La température monte, inéluctablement. Graduellement des environnements se modifient. On aimerait voir une évolution parallèle
des mentalités mais on constate plutôt que les gestes significatifs ne
suivent pas les intentions dès qu’il est question de modifier non pas
nos habitudes, ce qui est relativement facile, mais plutôt un modèle
économique à la source de ces problèmes, ce qui est autrement plus
compliqué. Partout le «pouvoir d’achat» demeure le critère politique le plus explosif et on comprend la retenue des autorités. Le problème se résume en deux mots : «consommation» contre
«environnement». Pourtant, il n’est plus question d’évitement des
changements mais bien d’adaptation.
Les possibilités
d’adaptation sont nombreuses. Ce n’est pas la première fois que
l’humanité fait face à des défis et elle est mieux équipée que jamais
pour y répondre. Ressources, outils et connaissances sont au
rendez-vous, il ne manque que la responsabilité. Les enseignants font
leur travail d’éducation, leurs étudiants seront à l’oeuvre dans
quelques années...
Les Grecs de l’antiquité ont construit des
citernes qui sont encore utilisées de nos jours sur leurs îles arides.
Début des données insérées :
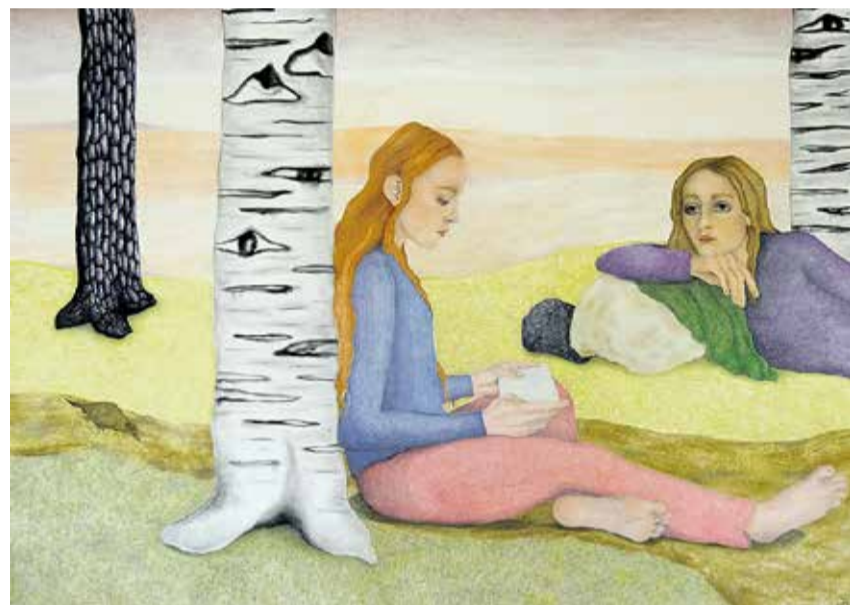
In the Fading Light, 2024, Aquarellfarben, Pastellfarben, Pastellstifte und Zeichenkohle auf Papier, 125 x 175 cm (zur Künstlerin siehe Seite 2)

Les humains ont aménagé leur milieu depuis des millénaires au point de
transformer des territoires parfois hostiles en jardins… mais ce n’était
pas dans une logique industrielle. À force d’ingéniosité et de travail,
des peuples ont vécu paisiblement dans des environnements qui n’avaient
rien d’accueillant au départ. Nous n’en sommes pas moins capables. Les
réponses seront différentes dans chaque milieu, mais ce qui est sur est
que «consommation» doit diminuer dans l’équation car son niveau est
objectivement insoutenable. Le profit financier est appelé à être équilibré par une notion plus large de
bénéfice pour l’ensemble du vivant.
À la différence d’autrefois, nous
sommes directement connectés au reste du monde et nos notions de partage et de
solidarité s’étendent à tous ceux à qui nous sommes connectés. Les pays
moins affectés voudront-ils accueillir des millions de réfugiés ? Sinon
voudra t’on leur donner les moyens de rendre leur chez eux mieux adapté
aux nouvelles conditions ?
À un problème collectif, mondial et
diversifié, les solutions viables concernent l’ensemble et non
seulement quelques oasis protégés. Avec les changements à venir nous
verrons bien si nous sommes capables de faire valoir nos principes.